§ **Extracted data**

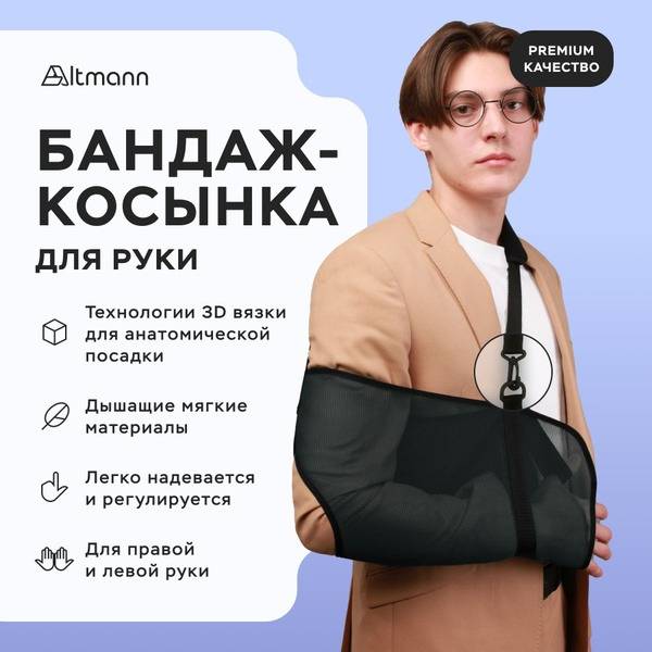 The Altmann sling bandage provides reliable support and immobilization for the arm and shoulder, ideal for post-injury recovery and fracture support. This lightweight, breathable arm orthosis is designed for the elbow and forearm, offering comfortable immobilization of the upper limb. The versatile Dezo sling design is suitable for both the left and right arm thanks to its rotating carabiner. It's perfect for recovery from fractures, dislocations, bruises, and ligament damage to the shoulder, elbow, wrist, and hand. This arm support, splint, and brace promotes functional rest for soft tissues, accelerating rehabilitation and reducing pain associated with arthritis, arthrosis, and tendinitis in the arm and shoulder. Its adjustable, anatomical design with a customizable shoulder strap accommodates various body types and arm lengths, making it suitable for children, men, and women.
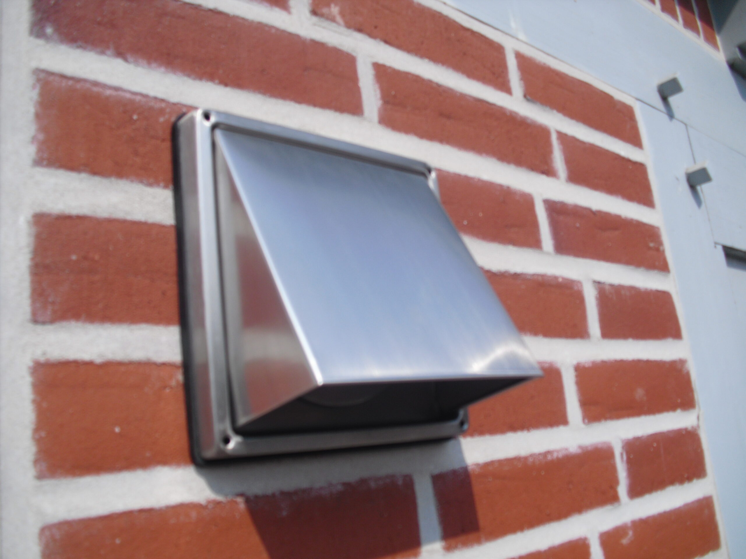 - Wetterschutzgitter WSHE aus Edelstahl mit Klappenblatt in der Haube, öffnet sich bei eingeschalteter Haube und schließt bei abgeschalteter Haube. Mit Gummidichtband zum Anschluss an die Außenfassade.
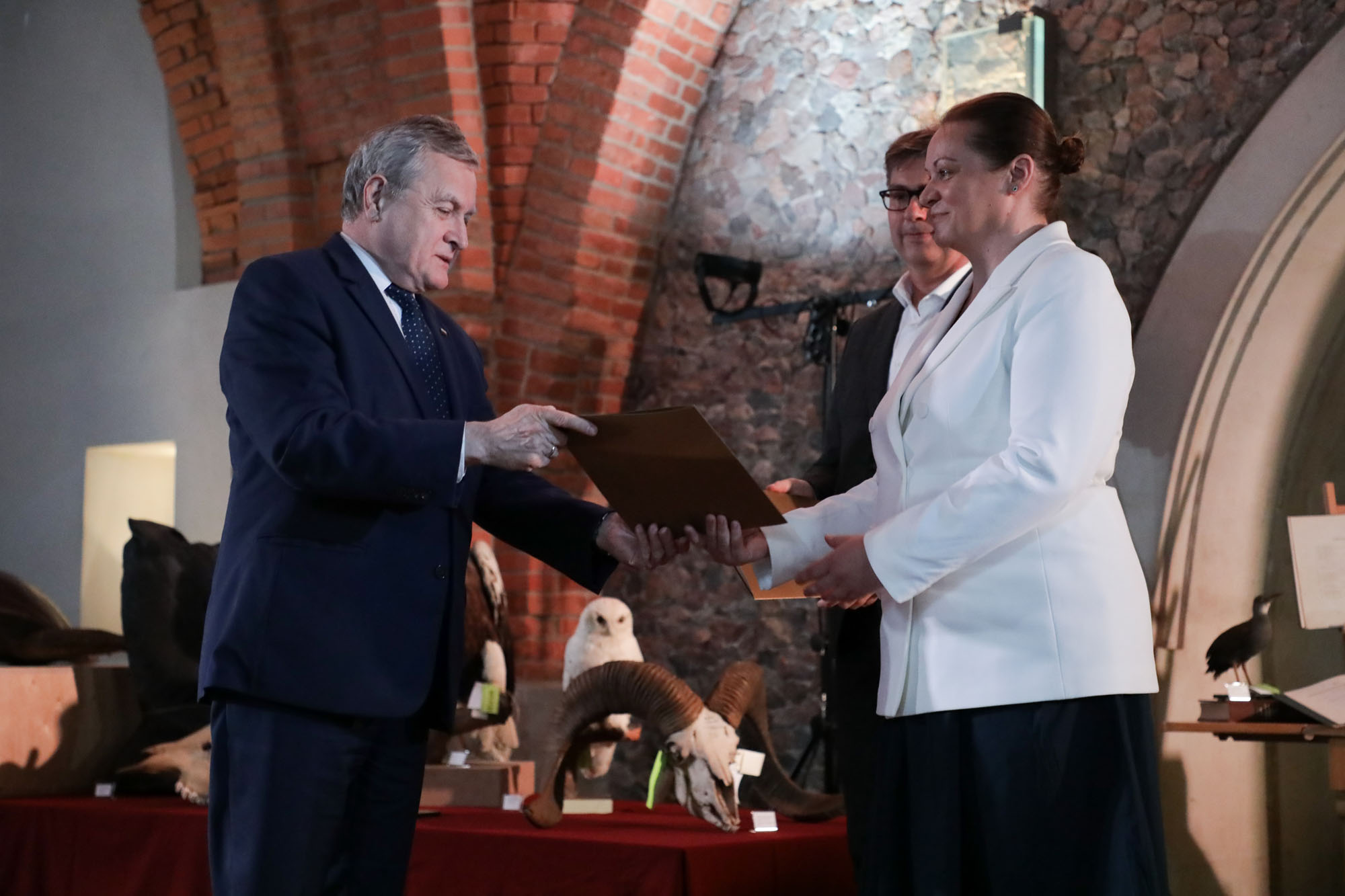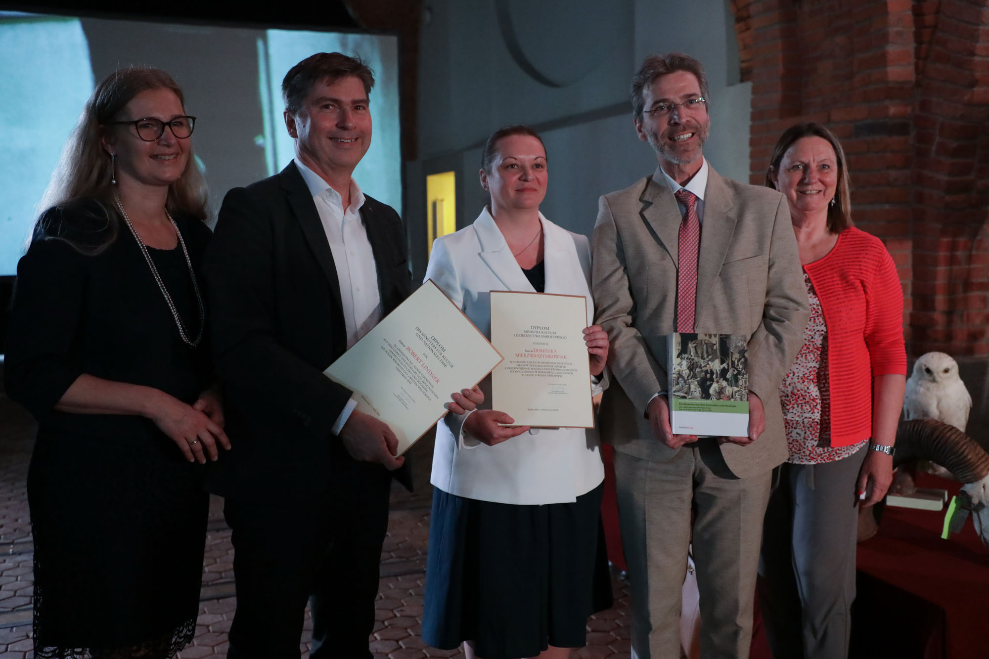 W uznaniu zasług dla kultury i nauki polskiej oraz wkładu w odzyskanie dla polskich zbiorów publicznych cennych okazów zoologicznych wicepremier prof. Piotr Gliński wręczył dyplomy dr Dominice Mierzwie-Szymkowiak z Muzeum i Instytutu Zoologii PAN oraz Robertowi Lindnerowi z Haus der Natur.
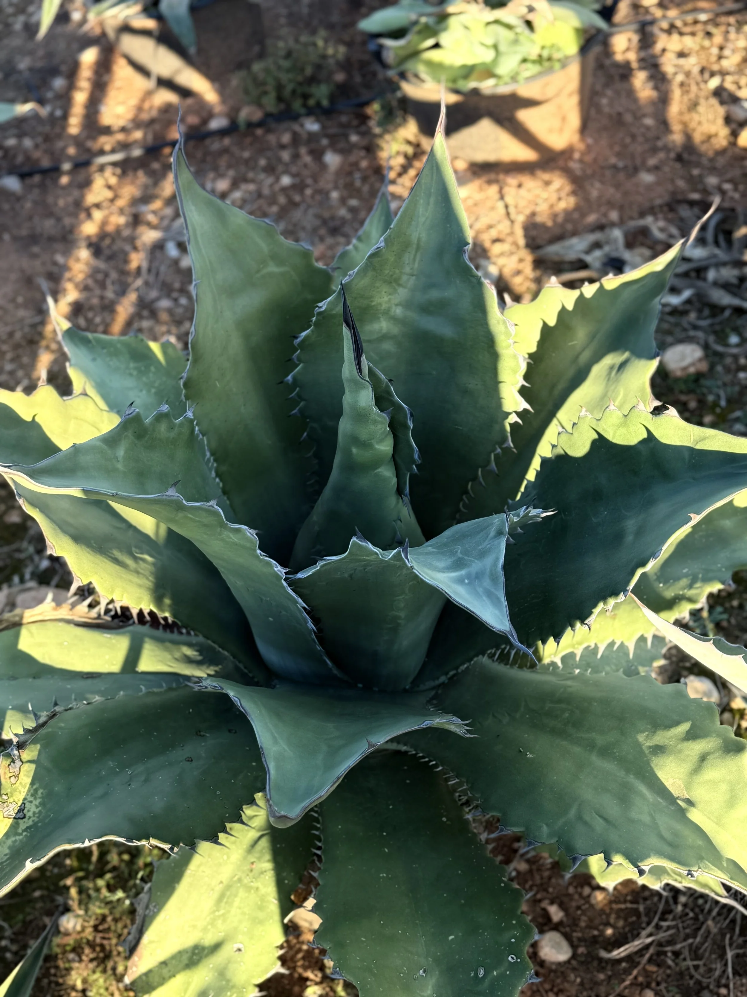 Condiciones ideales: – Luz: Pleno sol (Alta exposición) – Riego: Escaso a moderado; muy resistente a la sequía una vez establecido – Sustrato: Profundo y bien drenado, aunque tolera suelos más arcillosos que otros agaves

* * *

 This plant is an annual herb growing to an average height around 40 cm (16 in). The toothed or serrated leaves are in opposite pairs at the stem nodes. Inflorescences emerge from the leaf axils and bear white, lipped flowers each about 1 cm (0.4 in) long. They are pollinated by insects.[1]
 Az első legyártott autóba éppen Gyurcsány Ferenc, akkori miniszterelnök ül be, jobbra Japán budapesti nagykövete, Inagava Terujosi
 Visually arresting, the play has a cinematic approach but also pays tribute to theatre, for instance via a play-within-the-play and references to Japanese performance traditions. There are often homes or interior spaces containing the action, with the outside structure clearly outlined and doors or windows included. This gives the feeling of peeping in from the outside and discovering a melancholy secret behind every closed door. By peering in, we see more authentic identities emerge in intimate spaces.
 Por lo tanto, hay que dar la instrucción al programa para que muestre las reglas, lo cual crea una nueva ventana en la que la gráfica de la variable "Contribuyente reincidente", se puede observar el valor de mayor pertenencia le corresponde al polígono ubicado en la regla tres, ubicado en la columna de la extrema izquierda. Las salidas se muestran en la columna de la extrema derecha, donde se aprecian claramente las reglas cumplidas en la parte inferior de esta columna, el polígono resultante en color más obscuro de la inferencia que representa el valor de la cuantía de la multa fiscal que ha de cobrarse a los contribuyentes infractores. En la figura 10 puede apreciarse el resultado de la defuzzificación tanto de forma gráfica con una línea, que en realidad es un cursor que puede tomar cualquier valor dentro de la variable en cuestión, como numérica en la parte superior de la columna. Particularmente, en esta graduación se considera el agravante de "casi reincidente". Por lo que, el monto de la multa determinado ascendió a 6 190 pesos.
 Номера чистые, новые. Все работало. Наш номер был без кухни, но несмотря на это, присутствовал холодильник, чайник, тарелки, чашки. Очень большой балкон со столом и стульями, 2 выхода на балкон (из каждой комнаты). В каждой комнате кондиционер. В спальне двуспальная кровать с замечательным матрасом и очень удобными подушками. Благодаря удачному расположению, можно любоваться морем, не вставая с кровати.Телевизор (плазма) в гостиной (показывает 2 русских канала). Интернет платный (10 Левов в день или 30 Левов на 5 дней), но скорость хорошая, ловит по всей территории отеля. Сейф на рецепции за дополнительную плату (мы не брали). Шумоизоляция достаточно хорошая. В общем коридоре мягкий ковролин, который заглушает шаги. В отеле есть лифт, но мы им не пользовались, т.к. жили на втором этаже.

§ **Required action**
All lines above from the one containing "Az első legyártott" to the one containing "Visually arresting, the" must be repeated exactly, both lines included, and no others.

§ **Written answer**
 Az első legyártott autóba éppen Gyurcsány Ferenc, akkori miniszterelnök ül be, jobbra Japán budapesti nagykövete, Inagava Terujosi
 Visually arresting, the play has a cinematic approach but also pays tribute to theatre, for instance via a play-within-the-play and references to Japanese performance traditions. There are often homes or interior spaces containing the action, with the outside structure clearly outlined and doors or windows included. This gives the feeling of peeping in from the outside and discovering a melancholy secret behind every closed door. By peering in, we see more authentic identities emerge in intimate spaces.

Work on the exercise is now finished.